5.   The Directors of Spinnaker declared a 3-for-2 stock split of Spinnaker's
     common shares, effective December 30, 1994. All presentations of shares
     outstanding and amounts per share have been restated to reflect the stock
     split.

     Earnings per share is based on the weighted average number of common and
     common equivalent shares outstanding during each year, after giving effect
     to the 3-for-2 stock split. Fully diluted earnings per share did not
     differ significantly from primary earnings per share in any period
     presented.

6.   For the nine-month period ended September 30, 1994, income from operations
     included a $125,000 charge to earnings based on a settlement of litigation
     and related matters at Entoleter.

7.   The 1995 income tax provision for the nine-month period ended September
     30, 1995 has been reduced by $279,000 due to the reversal of the
     Registrant's valuation allowance related to net deferred tax assets. FASB
     Statement 109, "Accounting for Income Taxes," generally provides that net
     deferred tax assets are not recognized when a company has cumulative losses
     in recent years. However, as a result of the Registrant's continued
     profitability, and in accordance with FASB 109, the Registrant reversed its
     valuation allowance related to net deferred tax assets, as the Registrant
     believes that the operations will generate future taxable income. Deferred
     tax assets have been included in other current assets on the balance sheet.

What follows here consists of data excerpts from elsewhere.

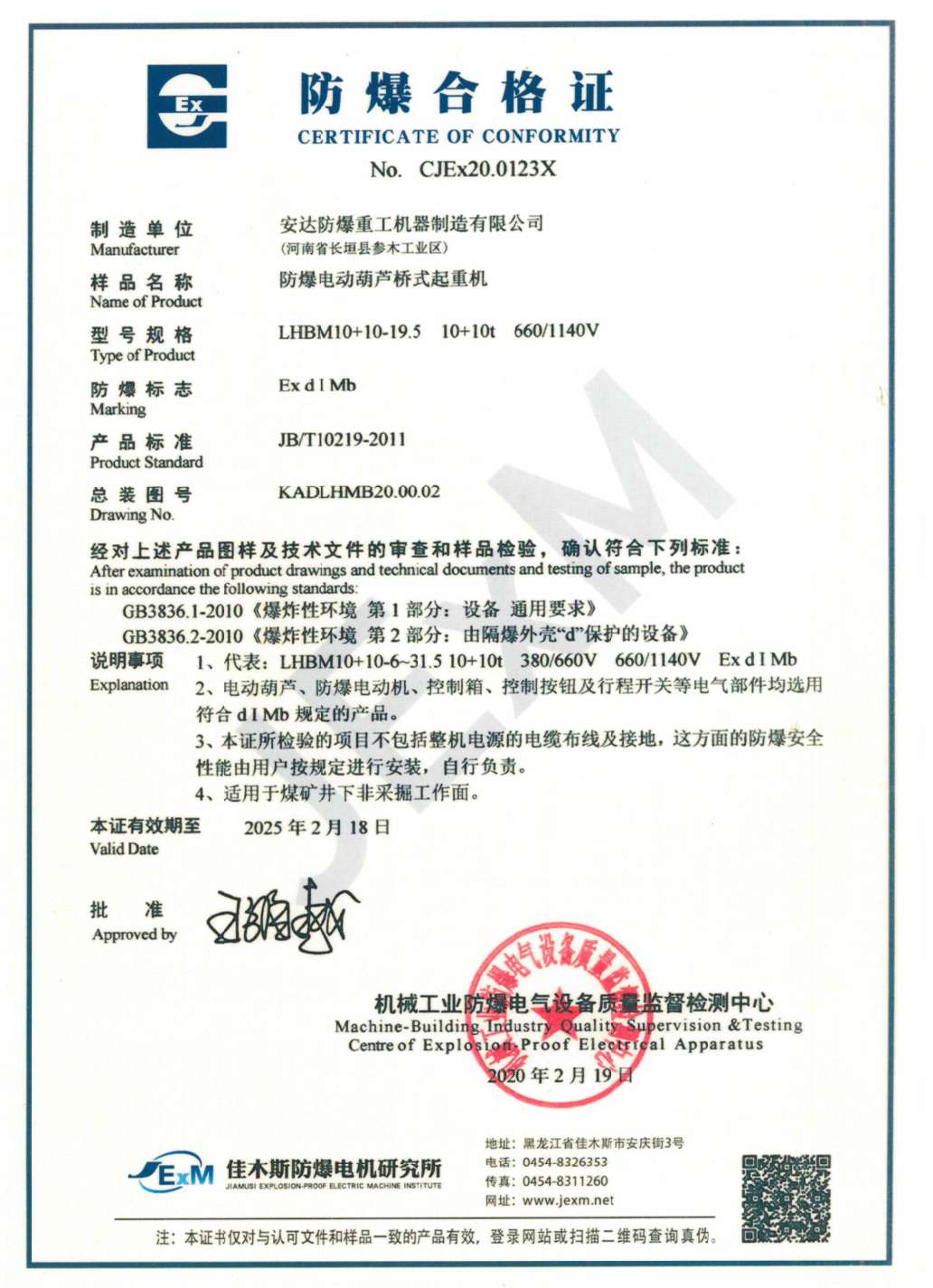 榮譽(yù)資質(zhì) 防爆電動(dòng)葫蘆橋式起重機(jī) 防爆合格證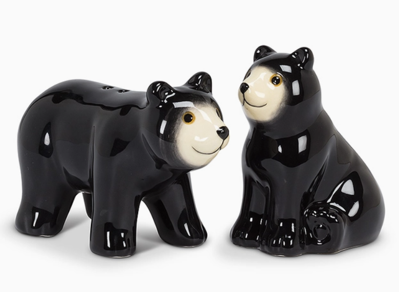 Brighten the bare accessories on your dinner table with this delightful set of Black Bear Salt & Pepper Shakers. Crafted out of ceramic, this pair of adorable bears — one sitting, one walking — is just what you need to spice up your meals and your kitchen decor.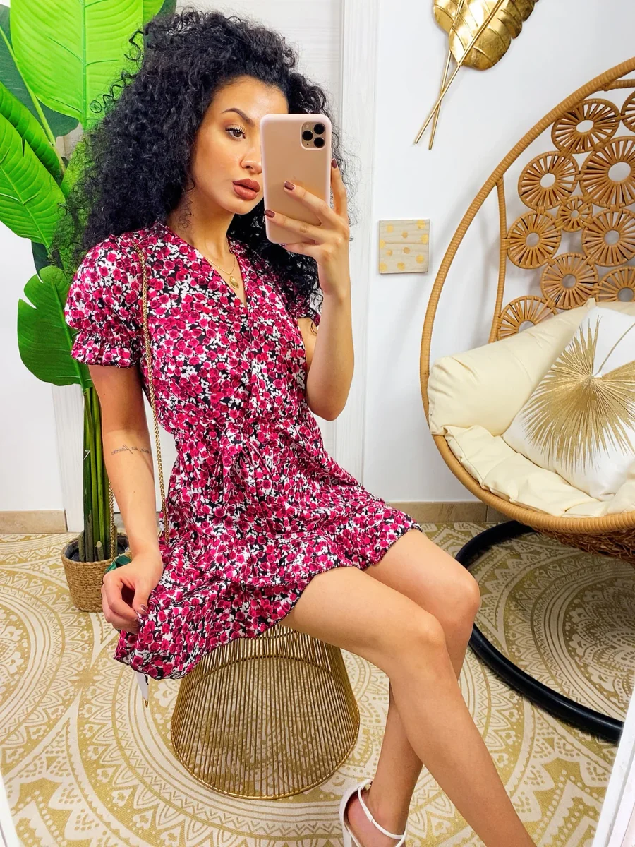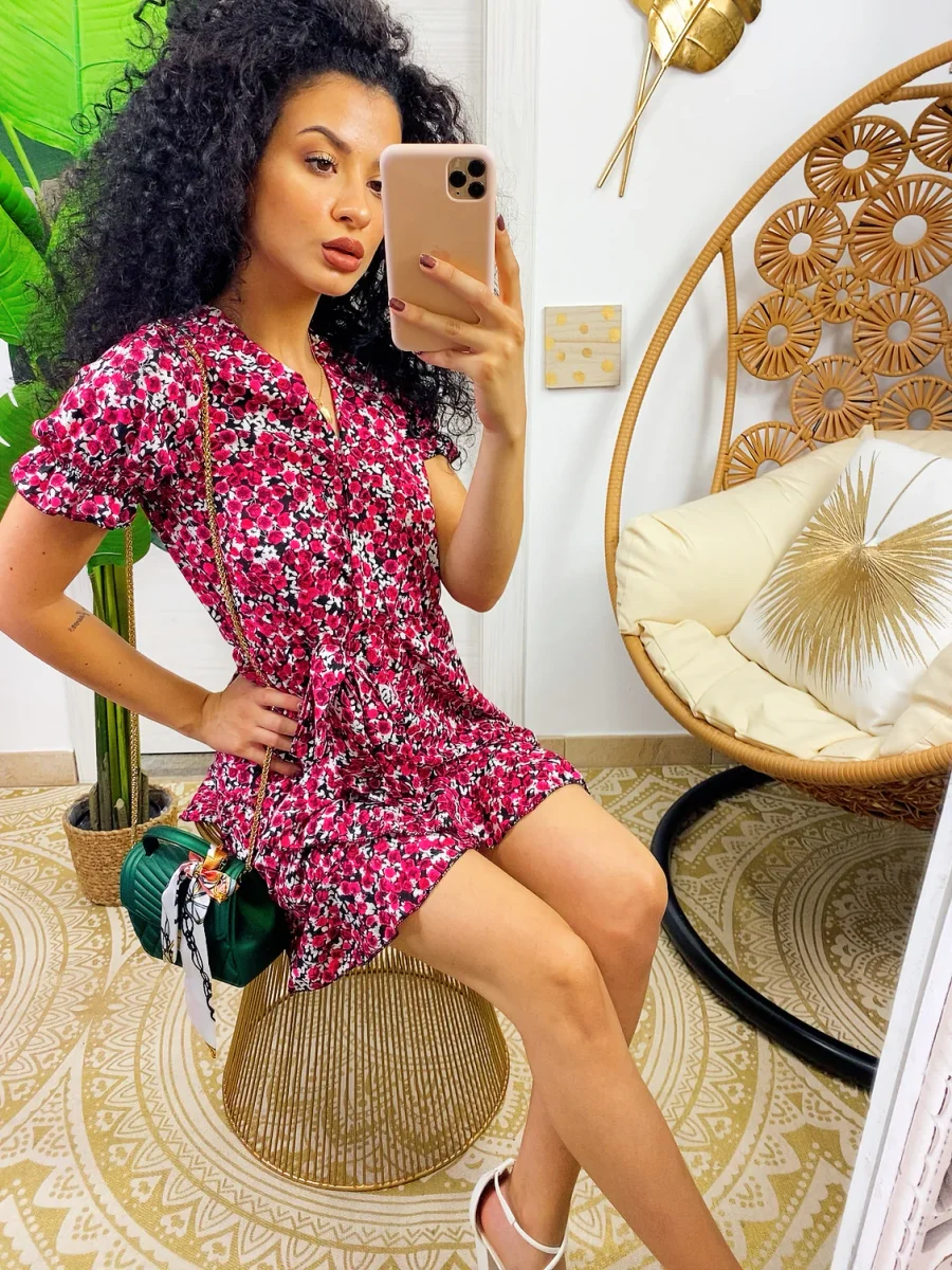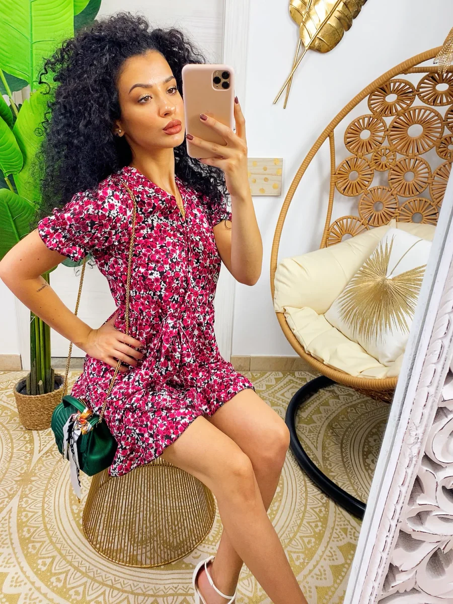 Abito a manica corta con sbuffo e rouge sul davanti. Tessuto leggero e fresco, laccio in vita.
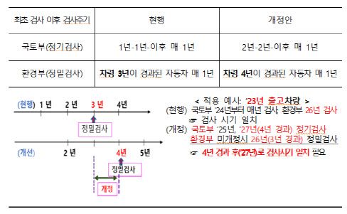 이에 따라 비사업용 경·소형 승합·화물차의 최초 배출가스 정밀검사 시기가 현재 출시 후 차령 3년 경과 후에서 4년 경과 후로 변경된다. 이후엔 이전처럼 매년 1회씩 배출가스 정밀검사를 받으면 된다.

8.   On October 4, 1995, Central Products Acquisition Corp., a wholly-owned
     subsidiary of the Registrant acquired from Alco Standard Corporation, the
     assets and stock of Central Products Company ("CPC"). CPC manufactures and
     markets a wide variety of carton sealing tapes and related equipment. The
     cost of the acquisition was $80.0 million, of which the Registrant
     deposited $2 million with Alco Standard on September 29, 1995.  The
     transaction will be accounted for as a purchase, and, accordingly, the
     assets and liabilities will be recorded at their estimated fair market
     value. CPC does not presently have audited financial statements. Unaudited
     revenues for the twelve months ended 9/30/95 were approximately $120
     million and profitability is in line with industry standards. For a more
     detailed description of the purchase, please refer to the Registrant's
     8-K filed on October 19, 1995. An amendment to Form 8-K is presently being
     prepared and will include certain audited historical and proforma
     financial information relative to the Registrant's acquisition of CPC
     and is expected to be filed by December 18, 1995.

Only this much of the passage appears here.